(Stored data entries)
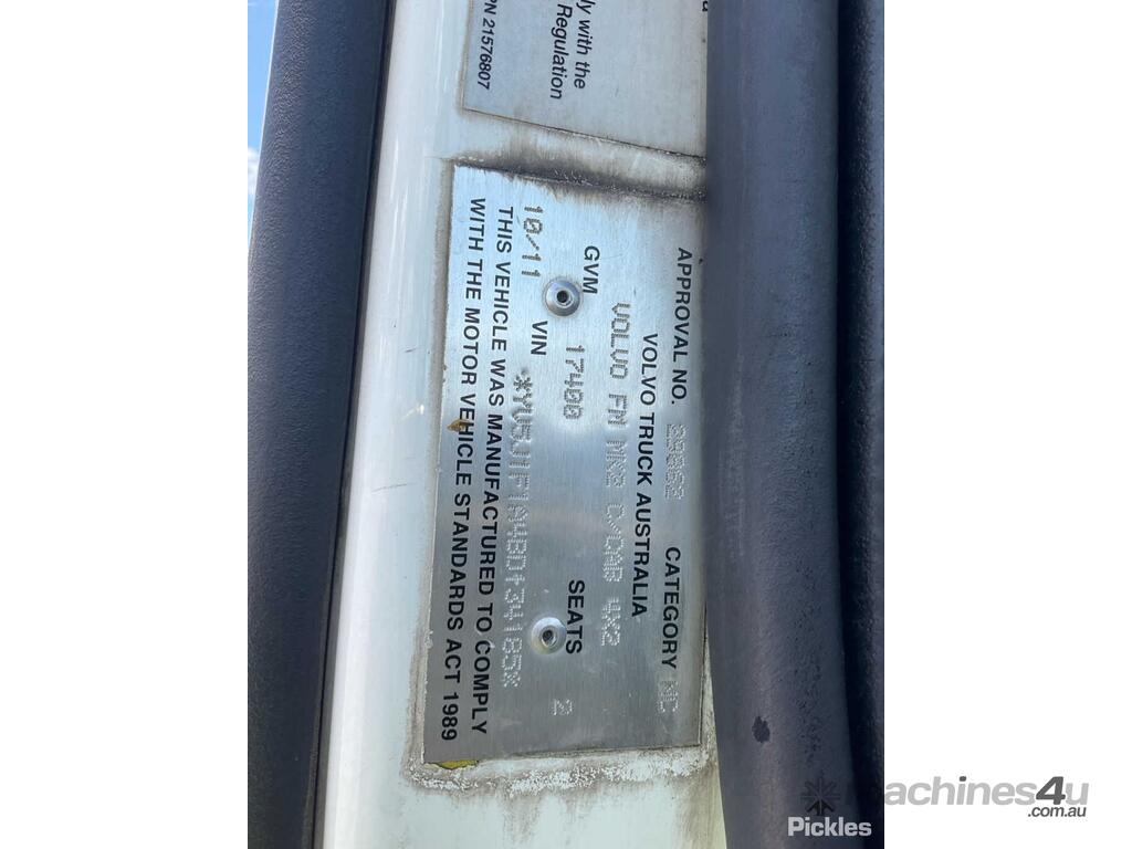 CP: 10/2011,Volvo,Fm,Prime Mover,Automatic,Airbag,928100 (Kms. Showing on Odometer),Hourmeter not visible,Colour: White,Rego. No: XP23LE NSW,VIN: YV5J1F1A4BD134185,GVM: 17400,GCM: 36000,Sold with No Plates,WOVR Status: Repairable Write-Off,Incident Type: Impact
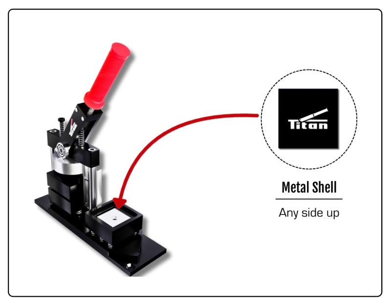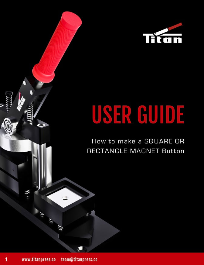 Professional square magnet and button making equipment. Make 2.5x2.5 magnets and pins using Titan Press Press and Paper Cutter.
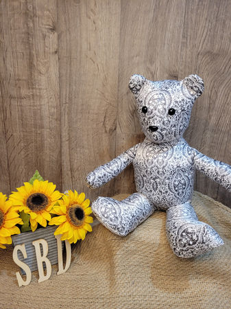 This version of the memory bear includes the original shirt/clothing item only. Special items can be added, such as a bow around the neck or ear, a bow-tie, or flower/bow on ear. Other options available upon request.
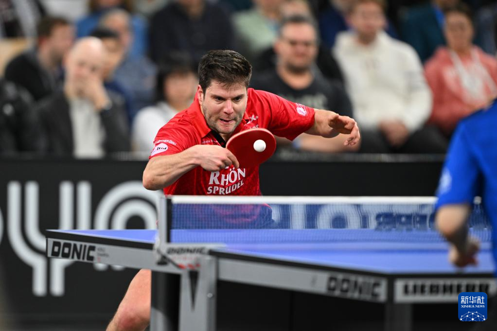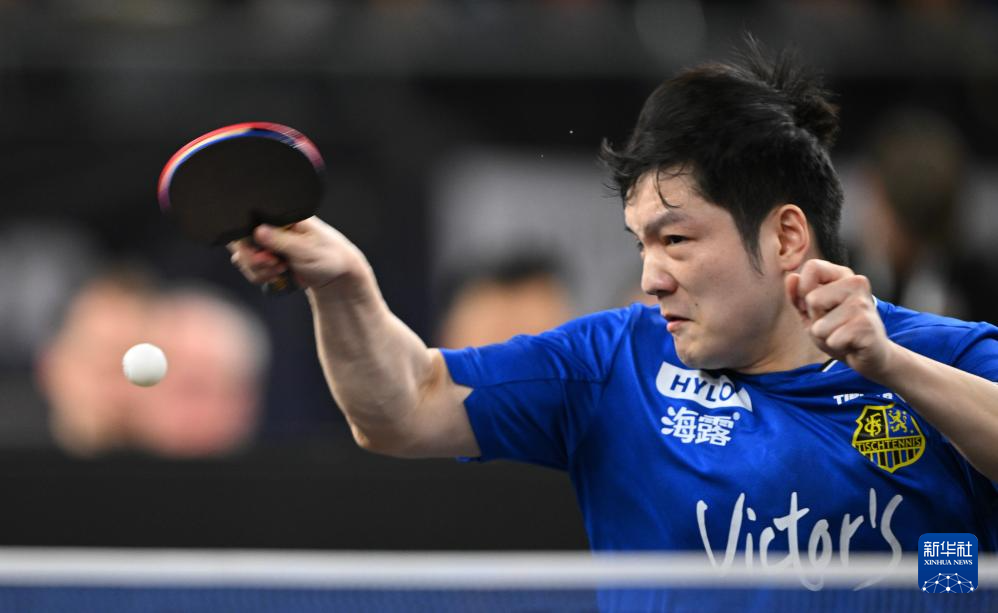 1月4日,萨尔布吕肯队球员樊振东在男子单打比赛中回球。最终他3比0战胜富尔达-马伯策尔队球员奥恰洛夫。
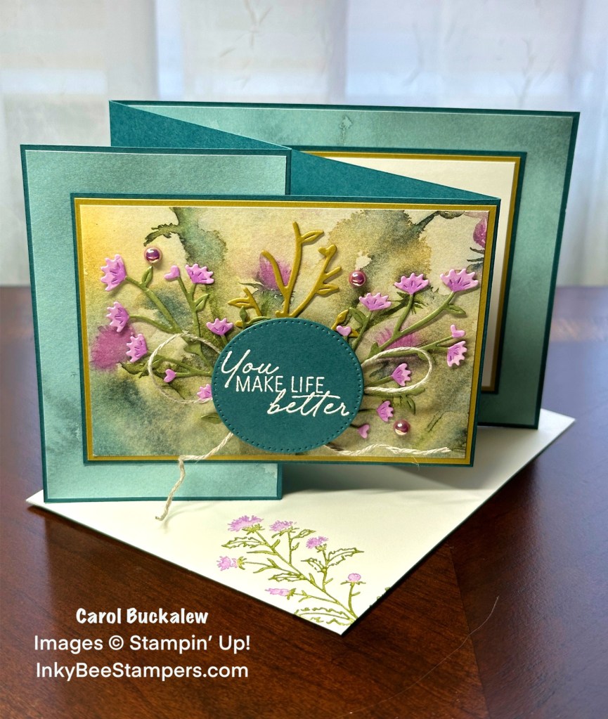 Here is another sneak peek of products that will be available on May 1 from the beautiful Thoughtful Journey Suite Collection! The Thoughtful Journey 6″ x 6″ Designer Series Paper is stunning and what better way to show it off than a Double Z Fold card!
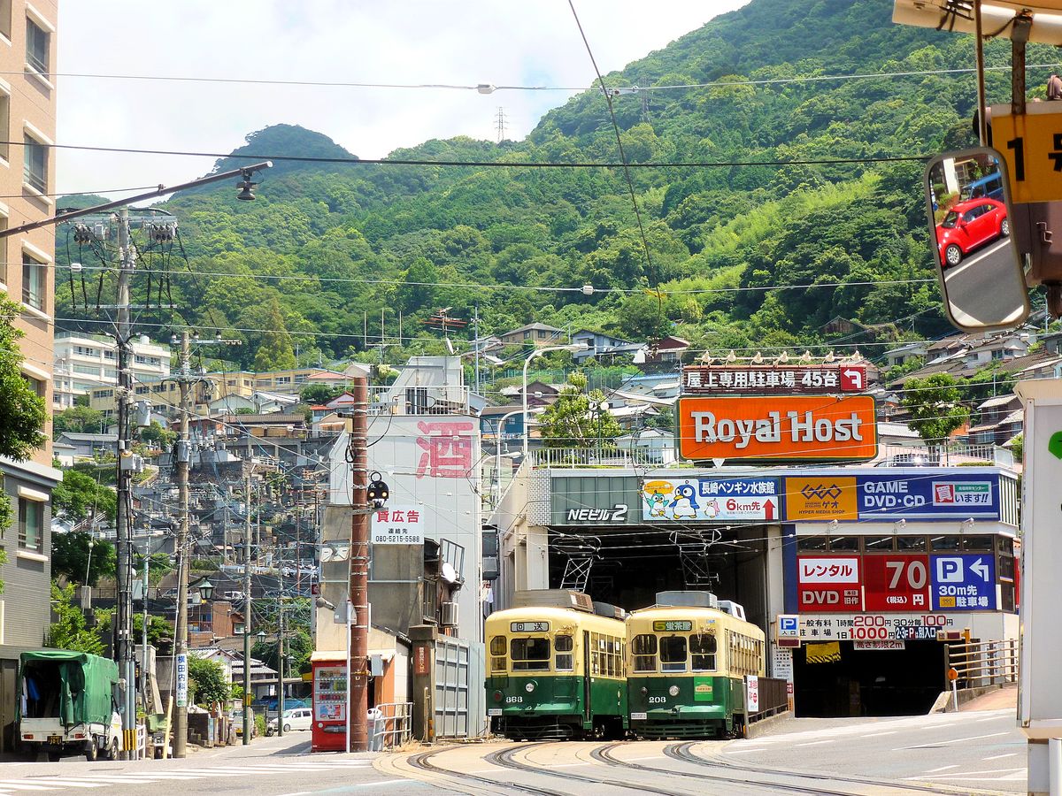 Nagasaki Strassenbahn - Allgemeines: 1435 mm-Spur, 600 V Gleichstrom. Insgesamt 11, 5km Strecken, in der Innenstadt, 3 Zweige zum Fuss der steilen Gebirge im Osten der Stadt, und eine Strecke (5,1 km) talaufwärts via Urakami nach Akasako im Norden der Stadt. Nagasaki schmiegt sich in eine Bucht im sehr zerklüfteten Küstengebiet im äussersten Westen Japans. Ab 1543 stark portugiesisch geprägt; nach vollständiger Abriegelung Japans vom Ausland (um 1637) bestand in Nagasaki der einzige Berührungspunkt Japans mit dem Westen in Form einer kleinen holländischen Niederlassung auf der Insel Dejima in der Bucht. 1859 wieder Oeffnung für westliche Schiffe, 1914 Eröffnung der Strassenbahn, 9.August 1945 vollständige Zerstörung der Stadt beim Abwurf (über Urakami) der zweiten Atombombe (Plutoniumbombe) auf Japan; allein rund 40'000 Todesopfer, von den Verletzten nicht zu reden. Nagasaki hat heute etwa eine halbe Million Einwohner. Im Bild stehen zwei typische Strassenbahnwagen (363 und 203) an der Endstation Hotaru-Jaya im Osten der Stadt. 8.August 2013.

§ **Work to complete**
Once the pictures are set aside, write out each record exactly.

§ **Response**
 CP: 10/2011,Volvo,Fm,Prime Mover,Automatic,Airbag,928100 (Kms. Showing on Odometer),Hourmeter not visible,Colour: White,Rego. No: XP23LE NSW,VIN: YV5J1F1A4BD134185,GVM: 17400,GCM: 36000,Sold with No Plates,WOVR Status: Repairable Write-Off,Incident Type: Impact
 Professional square magnet and button making equipment. Make 2.5x2.5 magnets and pins using Titan Press Press and Paper Cutter.
 This version of the memory bear includes the original shirt/clothing item only. Special items can be added, such as a bow around the neck or ear, a bow-tie, or flower/bow on ear. Other options available upon request.
 1月4日,萨尔布吕肯队球员樊振东在男子单打比赛中回球。最终他3比0战胜富尔达-马伯策尔队球员奥恰洛夫。
 Here is another sneak peek of products that will be available on May 1 from the beautiful Thoughtful Journey Suite Collection! The Thoughtful Journey 6″ x 6″ Designer Series Paper is stunning and what better way to show it off than a Double Z Fold card!
 Nagasaki Strassenbahn - Allgemeines: 1435 mm-Spur, 600 V Gleichstrom. Insgesamt 11, 5km Strecken, in der Innenstadt, 3 Zweige zum Fuss der steilen Gebirge im Osten der Stadt, und eine Strecke (5,1 km) talaufwärts via Urakami nach Akasako im Norden der Stadt. Nagasaki schmiegt sich in eine Bucht im sehr zerklüfteten Küstengebiet im äussersten Westen Japans. Ab 1543 stark portugiesisch geprägt; nach vollständiger Abriegelung Japans vom Ausland (um 1637) bestand in Nagasaki der einzige Berührungspunkt Japans mit dem Westen in Form einer kleinen holländischen Niederlassung auf der Insel Dejima in der Bucht. 1859 wieder Oeffnung für westliche Schiffe, 1914 Eröffnung der Strassenbahn, 9.August 1945 vollständige Zerstörung der Stadt beim Abwurf (über Urakami) der zweiten Atombombe (Plutoniumbombe) auf Japan; allein rund 40'000 Todesopfer, von den Verletzten nicht zu reden. Nagasaki hat heute etwa eine halbe Million Einwohner. Im Bild stehen zwei typische Strassenbahnwagen (363 und 203) an der Endstation Hotaru-Jaya im Osten der Stadt. 8.August 2013.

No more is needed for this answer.